Cutting for Stone - Abraham Verghese [243]
“No, he didn't.”
“Did he say why he wanted you to have the book?”
“No.”
“When you saw the bookmark and the reference to the letter, did you go back and ask him?”
“No.”
I sighed. I could have stopped there, but I had come this far. “Why not?” I asked.
“If he wanted me to have the letter, he would have given it to me.”
“Why did you give me the book, Shiva?”
“I wanted you to have it.”
There was no annoyance in Shiva's voice; his tone was no different than when we began—I wondered if he'd picked up the irritation in mine. Shiva was right: there either was no letter, or Ghosh had the letter and had his reasons for destroying it.
I was about to say good-bye. I knew better than to expect my brother to ask about my health or my welfare. But he took me aback by saying, “How are your operating theaters?” He wanted to know about the layout, how far away the autoclave and the locker rooms were, and was there a sink outside each room, or one common scrubbing area. I gave him a detailed picture. When I was done, I waited. Once again, he surprised me: “When are you coming home, Marion?”
“Well, Shiva … I have four more years of residency.”

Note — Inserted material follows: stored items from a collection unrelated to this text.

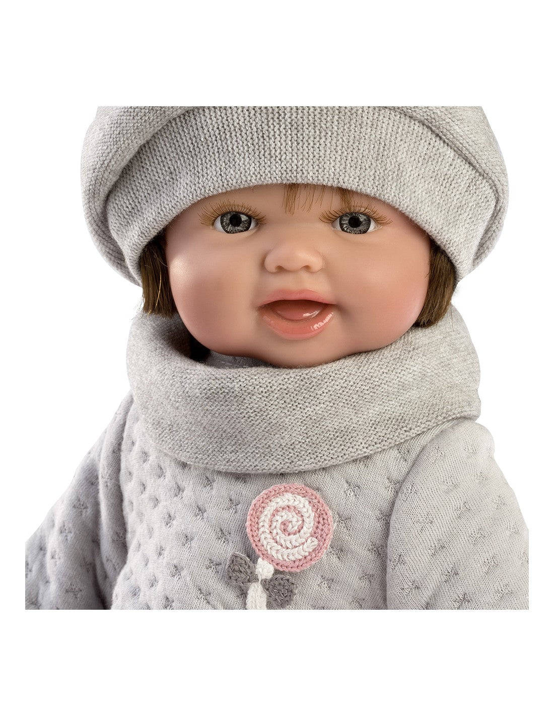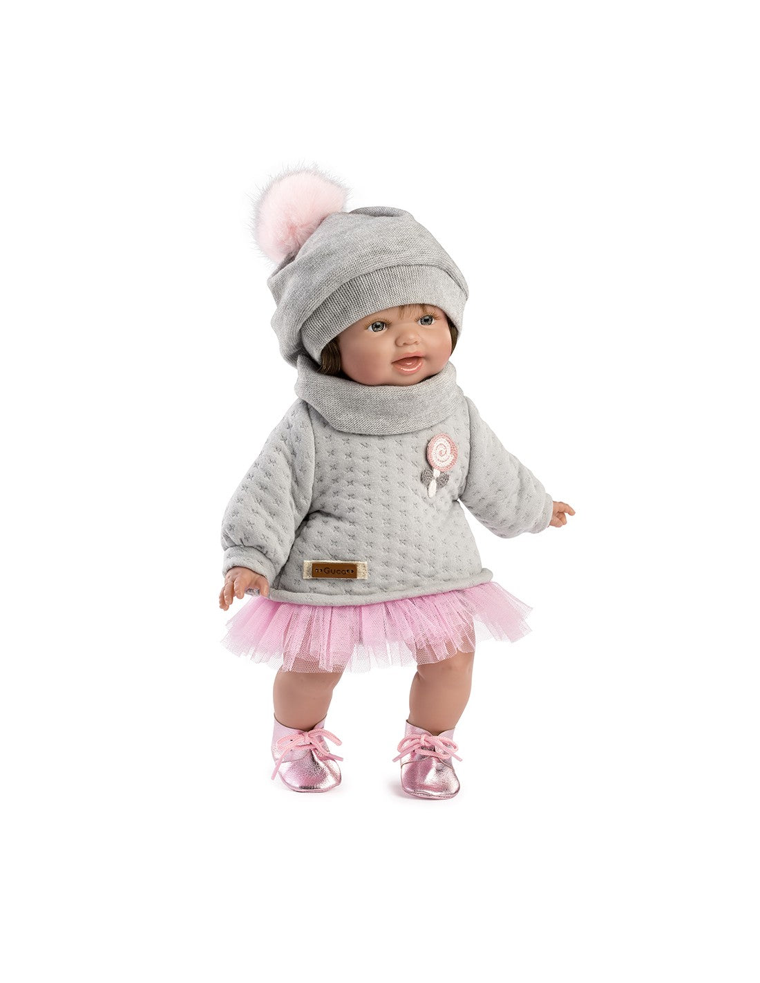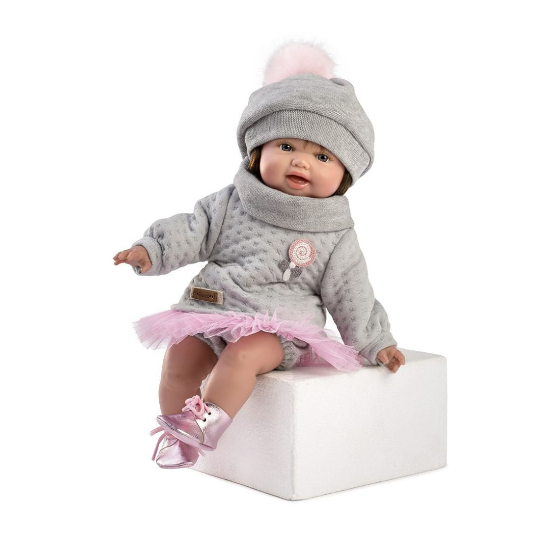 Красива Кукла От Винилова Гума Nuria Брюнетка, Сива Рокля С Розов Тюл, 36 см
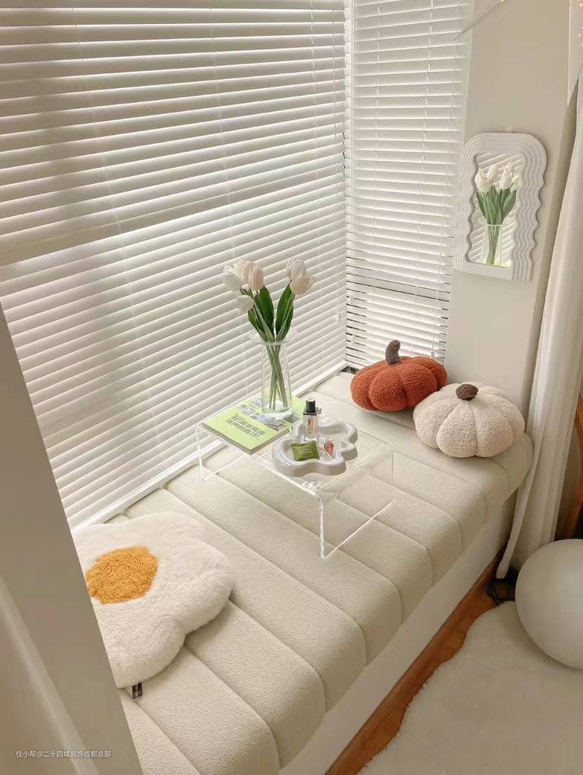 原来用的绒毛飘窗垫是个灰尘毛发收集器,果断换掉!定做了一个新的,实木框架不易变形不打滑,和飘窗尺寸贴合。高密度海绵坐感比绒毛垫好了不止一星半点。主要是冬天不冷夏天不热。
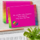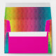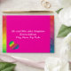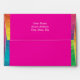 A simple yet elegant design that puts the important information front and centre in an easy-to-read fashion. The solid background bordered by a splash of rainbow colour makes this envelope hard to overlook in the mailbox! Chose any colour you like for the background (shown here in hot pink). You may choose from the provided heart or butterfly as your accent, or upload an image of your own choosing. Use the provided template fields to quickly personalize with your information. (If you prefer to hand-address the envelope, leave the text filed blank.) Click "customize further" to change font, size, colours, and positions.
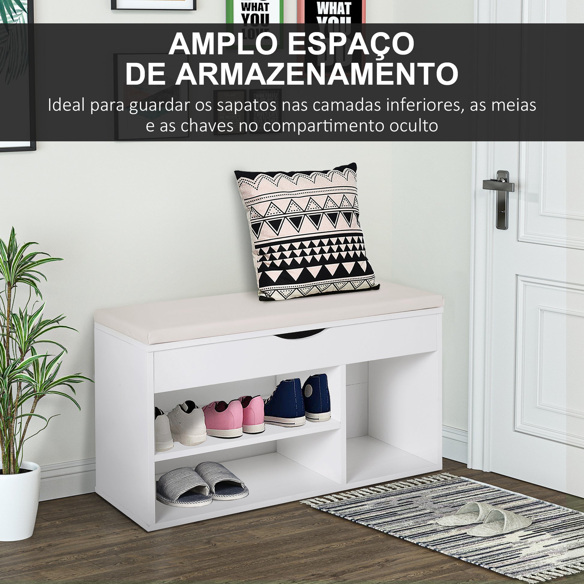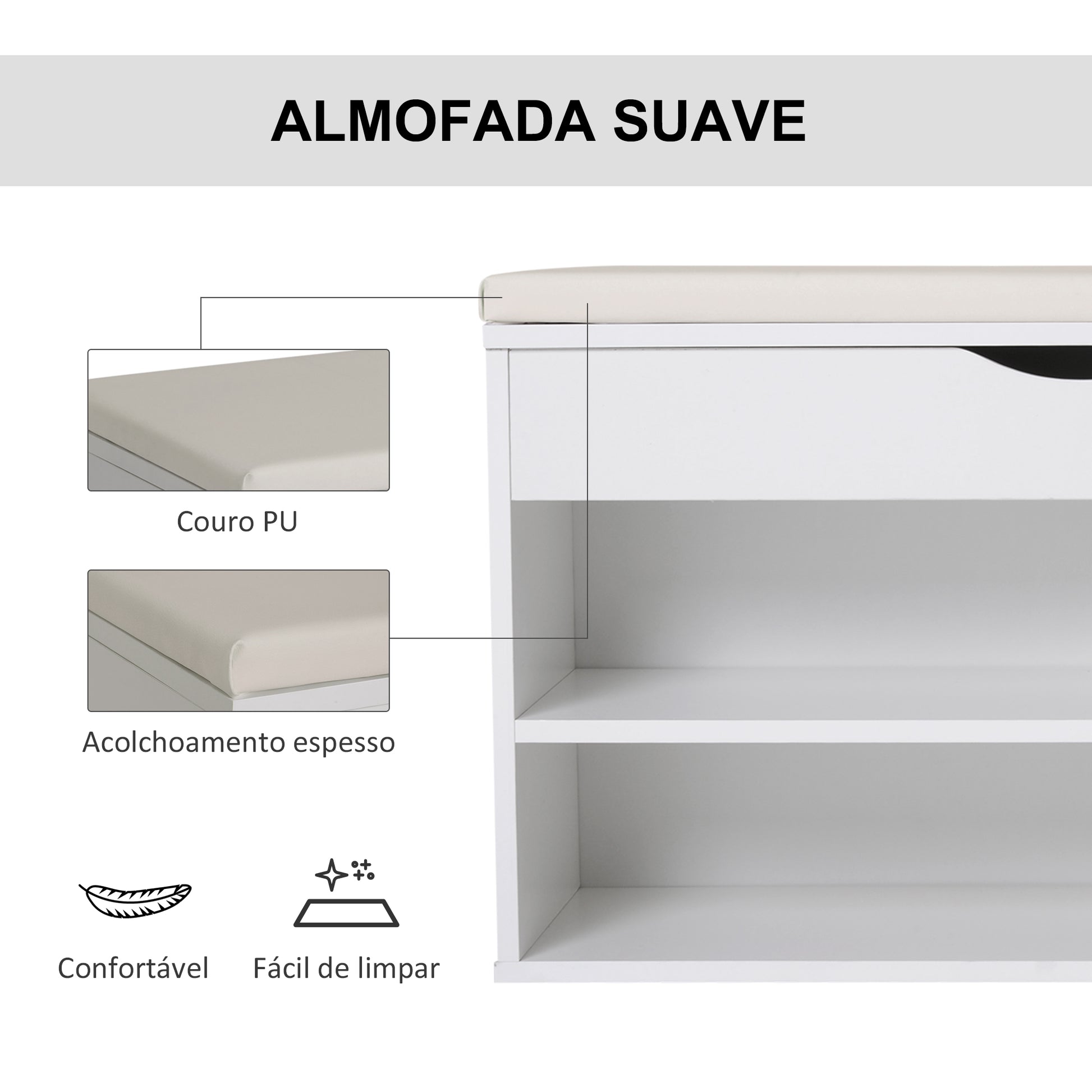 - Benefícios: Assento acolchoado em pele PU para maior conforto ao calçar os sapatos.

Was this his way of saying he was sorry for everything that had happened? That he missed me? Did I want that from him? I wasn't sure, so all I added was, “I don't know if it is safe for me to come, but if it is, I'd love to come a year or so from now … Why don't you come visit here?”

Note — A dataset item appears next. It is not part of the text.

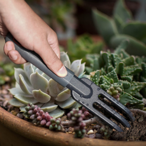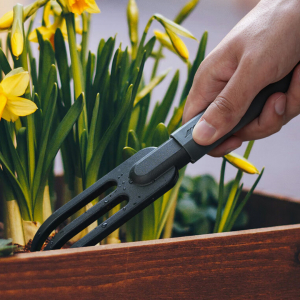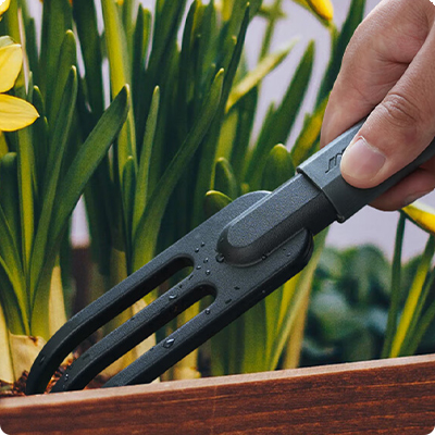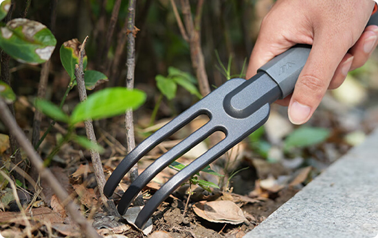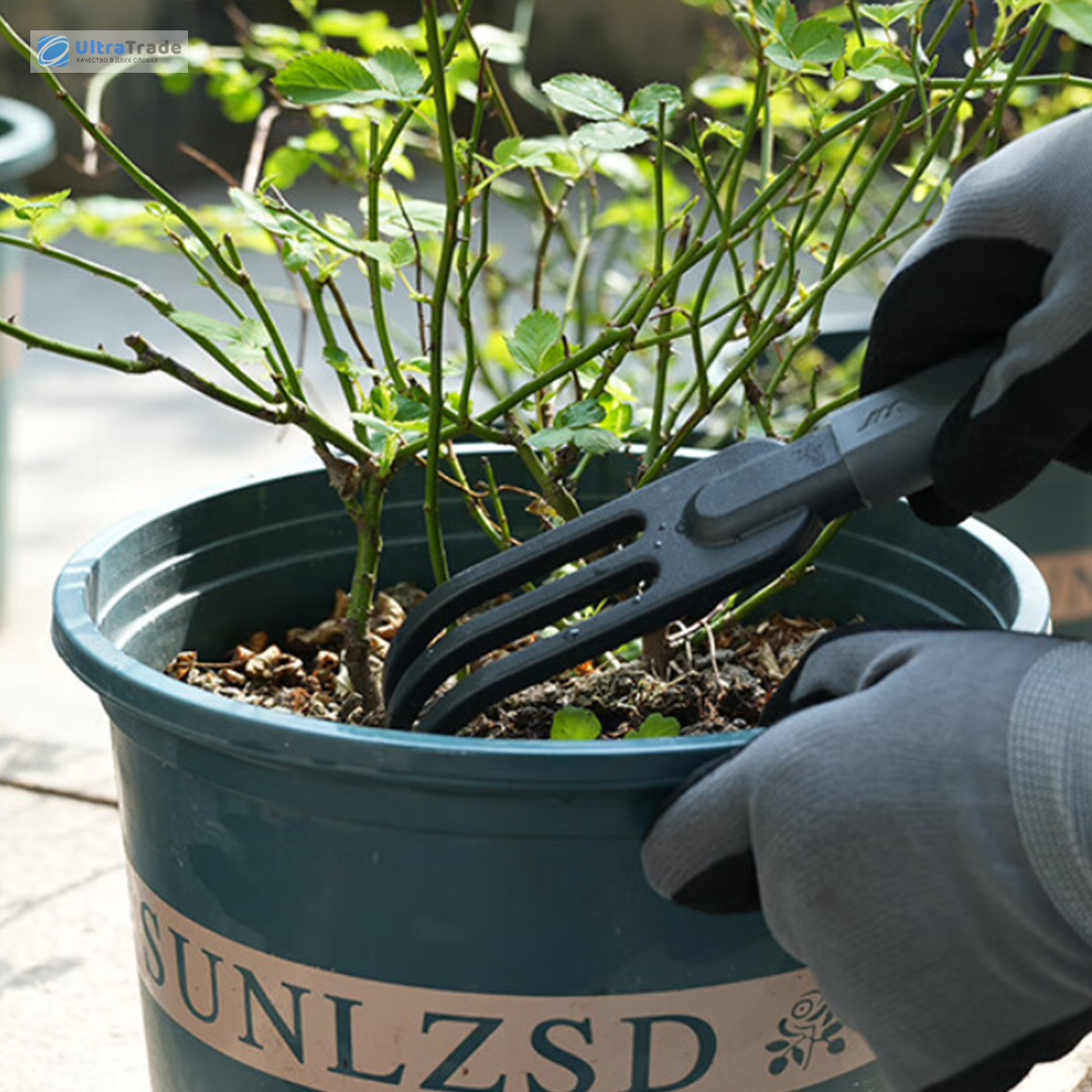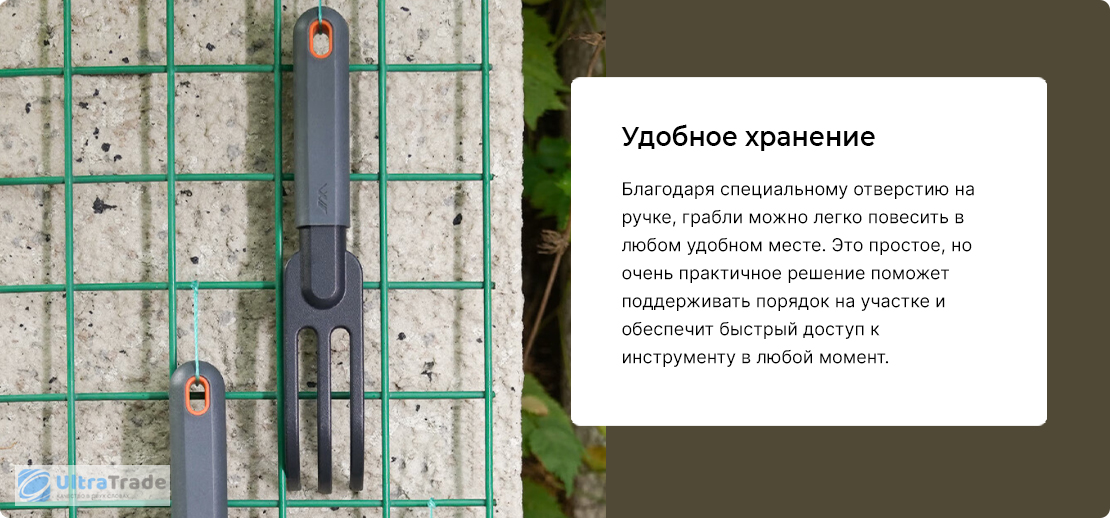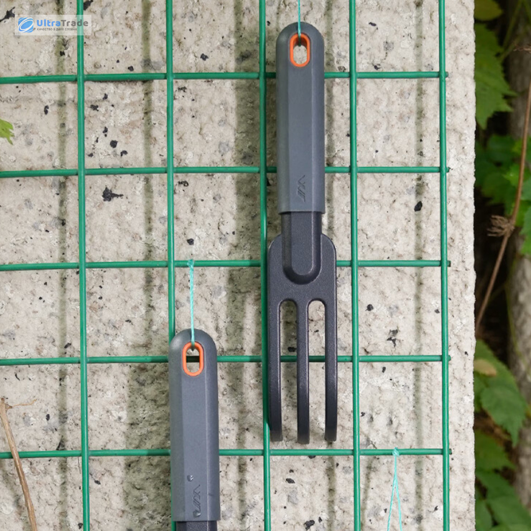 Зубцы Три прочных зубца легко разрыхляют землю, удаляют комки и придают поверхности аккуратный вид. Подходят для подготовки почвы перед посадкой и уборки после работ. ![]() |

“Will I be able to see your operating theaters?”
“Sure. We call them operating rooms here, not theaters. But I can arrange for you to see them.”
“Okay. I'll be there.”
Hema came back on the line. She was in a chatty mood, reluctant to let me go. Listening to her lilting voice, I was transported back to Missing Mean Time, as if I were sitting by the phone under Nehru's photograph and looking across the room at the portrait of Ghosh which consecrated the spot where he spent so many hours listening to the Grundig.
When I hung up I felt despair: I was back in the Bronx, my walls bare but for the framed Ecstasy of St. Teresa. My beeper, silent till then, went off. In answering its summons, I slipped the yoke back around my neck; indeed, I welcomed my slavish existence as a surgical resident, the never-ending work, the crises that kept me in the present, the immersion in blood, pus, and tears—the fluids in which one dissolved all traces of self In working myself ragged, I felt integrated, I felt American, and I rarely had time to think of home. Then in four weeks, it was time to dial Missing again. Were these phone calls just as difficult for Hema? I wondered.

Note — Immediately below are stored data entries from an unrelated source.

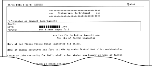 <Statusrapport forbruksmateriell>
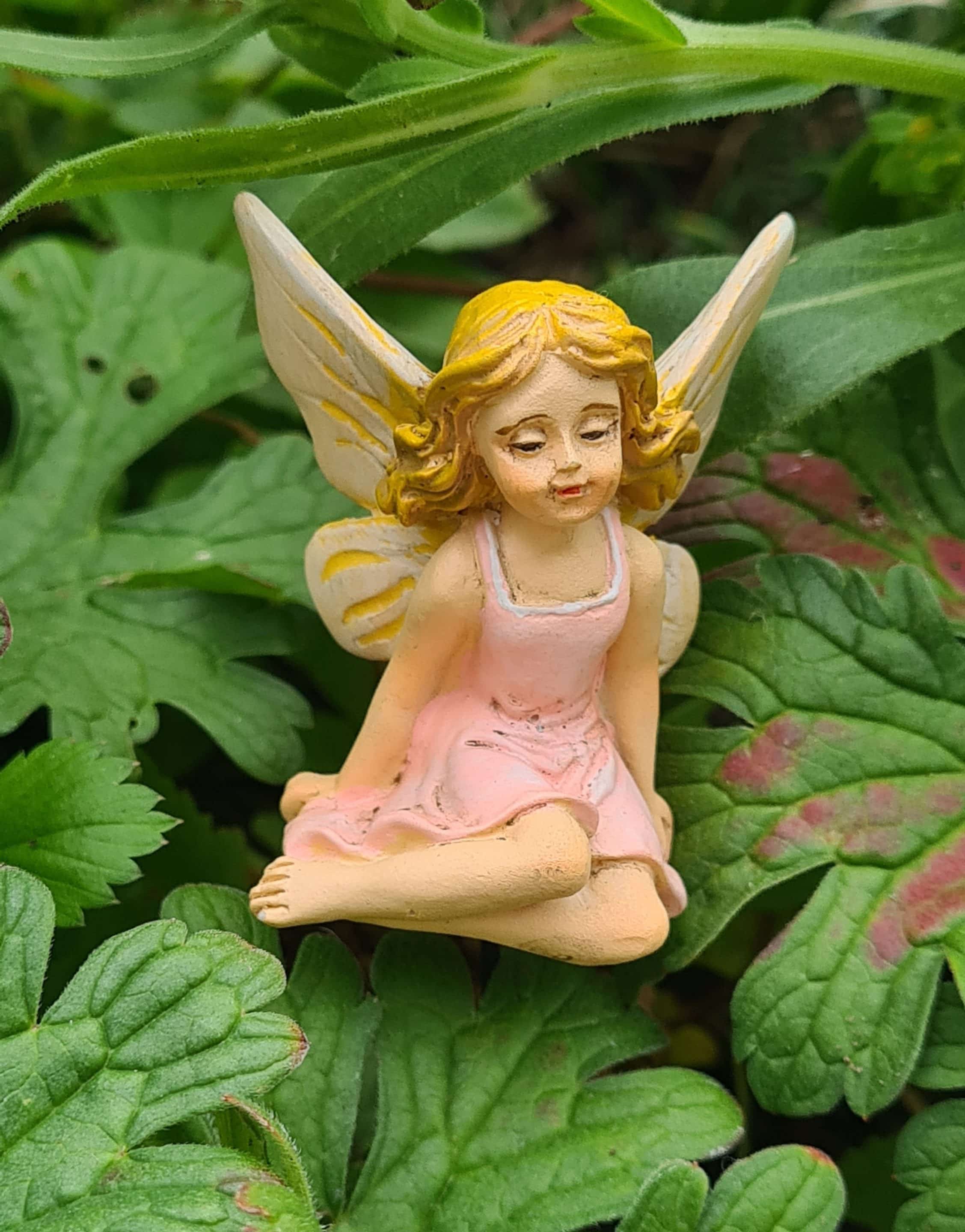 - Pink fairy with cream wings, she is sitting with her legs to the side ( 5cm high)
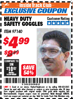 ITC HEAVY DUTY SAFETY GOGGLES Lot No. 97140 Expired: 4/30/18 - $4.99 Coupon Code: '13020982'

In a letter after our call, Hema said that shed checked with Bachelli, Almaz, and even W. W. Gonad to see if they had heard of Ghosh or Sister leaving a letter behind, but no one had. She told me that Shiva's application for an exit visa to come visit me was held up by the government; he was asked to provide affidavits to show he had no debts in Ethiopia, and moreover that I had no debts for which he might be responsible. She said she would remind Shiva to work on the visa. Reading between the lines, I knew and she knew that Shiva had lost interest.
I wrote to Thomas Stone to let him know that the whereabouts of Sister Mary Joseph Praise's letter remained a mystery. He never wrote back to me thanking me for my troubles.
OVER THE NEXT FOUR YEARS, I saw Thomas Stone now and then when he came to conduct conferences or bedside teaching rounds; he was impressive, as I knew he would be, masterful, serious, and in command of his subject. He had the kind of perspective that could only come from careful study of the literature of surgery and from living it for many years. I much preferred being around him in that fashion than having a dinner with him. Perhaps he felt the same way, because he didn't call or visit again.
I went up to Boston for three separate, month-long rotations: plastic surgery, urology, and transplant, and the work was engrossing, challenging, so that each time my anxieties about being there and near him were forgotten.